We're designing a system where we are indexing a large number of document and we want the ability to determine a time watermark where we can claim all documents in an index inserted/update before a certain timestamp are included in a search.
Wondering if there is an API call or can we add in a set of "sentinel" documents that we update and then survey at regular interval via search to determine the queryable documents.
It sounds like you want the refresh API. If a refresh is successful then all documents acknowledged before the refresh API was called will be visible to searches.
Based on observations of my use of the refresh API this wouldn't scale.
Our distributed application is ingesting 1000s of updates a second across multiple tenants and in the event a change is made to policy we need to execute a textual search of the prior ingested documents to find exceptions to the rules while applying those rules to the ingestion feed.
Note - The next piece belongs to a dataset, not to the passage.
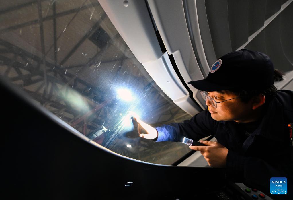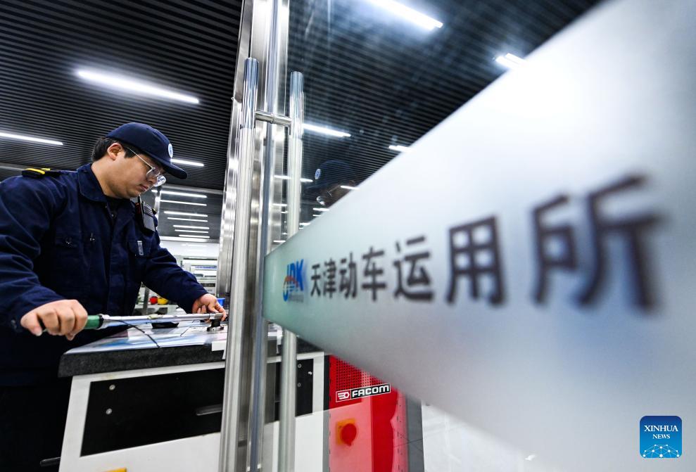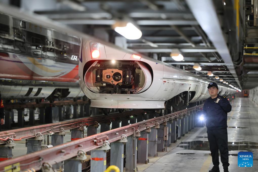 Li Qiwei works at an electric multiple unit (EMU) maintenance depot in north China's Tianjin Municipality, on Feb. 1, 2026. Several EMU trains are neatly lined up for "health checkups" inside a maintenance depot in Tianjin at the night of Feb. 1, right before the start of Spring Festival travel rush, the annual homeward journey in China, and also the world's largest human migration.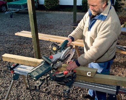 Hörnstolparna (C) sågas 43 cm långa innan du ställer in kapsågen på dubbelgering, 15 grader. Därefter fortsätter du med kapning två gånger av ändarna. Mittenstolparna (D) ska geringssågas på vanligt sätt i 15 grader i ändarna.

We're trying to close the window between the enactment of a new policy and the execution of a search against prior indexed data to catch all documents ingested before the policy was applied.
Doesn't scale in what sense? How often are you changing these policies? You'd only need to refresh at each policy change AIUI.
The policy changes are controlled by our customers so it varies from a couple 100 times a day to 1,000s of times a day all while the infrastructure is ingesting millions of document updates a day and as our customer base grows the number of policy changes grow and our regularly running background queries grow.
Now I'll admit the index I use the _refresh API on the most has a 60 sec refresh rate since it has fairly large documents/heavily nested and mainly drives a UI and when I call _refresh it normally takes a couple seconds to return. The indexes I'm trying to ensure consistency on have refresh rates of 500ms - 1s, is the expectation in that case that a call to _refresh returns in milliseconds?
I don't think I'm understanding the problem. 1000 times per day is not quite once per minute, there should be no problem refreshing at that sort of frequency. I also don't follow why it's a problem if it takes a couple of seconds for the refresh to complete.